Data records

***

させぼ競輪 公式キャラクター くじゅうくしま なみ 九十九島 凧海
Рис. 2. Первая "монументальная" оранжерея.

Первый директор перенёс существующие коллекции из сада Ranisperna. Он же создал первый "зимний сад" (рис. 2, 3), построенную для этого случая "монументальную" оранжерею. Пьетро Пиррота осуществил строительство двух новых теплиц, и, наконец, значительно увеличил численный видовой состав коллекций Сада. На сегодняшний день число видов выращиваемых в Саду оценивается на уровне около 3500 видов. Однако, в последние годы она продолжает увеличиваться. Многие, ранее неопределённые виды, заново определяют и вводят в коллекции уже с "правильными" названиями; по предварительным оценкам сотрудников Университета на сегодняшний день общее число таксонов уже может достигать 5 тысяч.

***

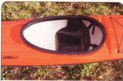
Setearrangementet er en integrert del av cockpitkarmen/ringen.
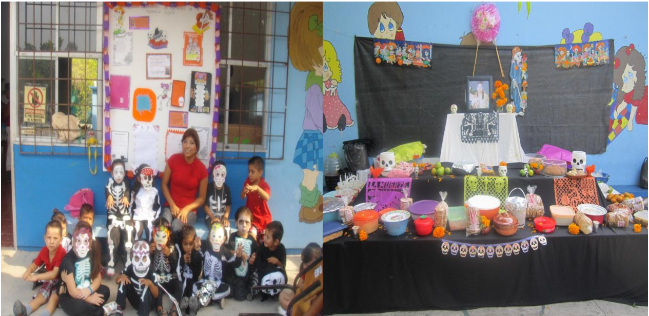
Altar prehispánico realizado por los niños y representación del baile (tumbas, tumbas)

***

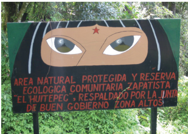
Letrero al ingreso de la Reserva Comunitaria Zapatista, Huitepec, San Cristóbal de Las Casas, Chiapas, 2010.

***

Task item
Only the lines above starting at the one containing "Рис. 2. Первая" and ending at the one containing "Первый директор перенёс", both included, are to be returned, exactly as they read.

Answer to the problem
Рис. 2. Первая "монументальная" оранжерея.

Первый директор перенёс существующие коллекции из сада Ranisperna. Он же создал первый "зимний сад" (рис. 2, 3), построенную для этого случая "монументальную" оранжерею. Пьетро Пиррота осуществил строительство двух новых теплиц, и, наконец, значительно увеличил численный видовой состав коллекций Сада. На сегодняшний день число видов выращиваемых в Саду оценивается на уровне около 3500 видов. Однако, в последние годы она продолжает увеличиваться. Многие, ранее неопределённые виды, заново определяют и вводят в коллекции уже с "правильными" названиями; по предварительным оценкам сотрудников Университета на сегодняшний день общее число таксонов уже может достигать 5 тысяч.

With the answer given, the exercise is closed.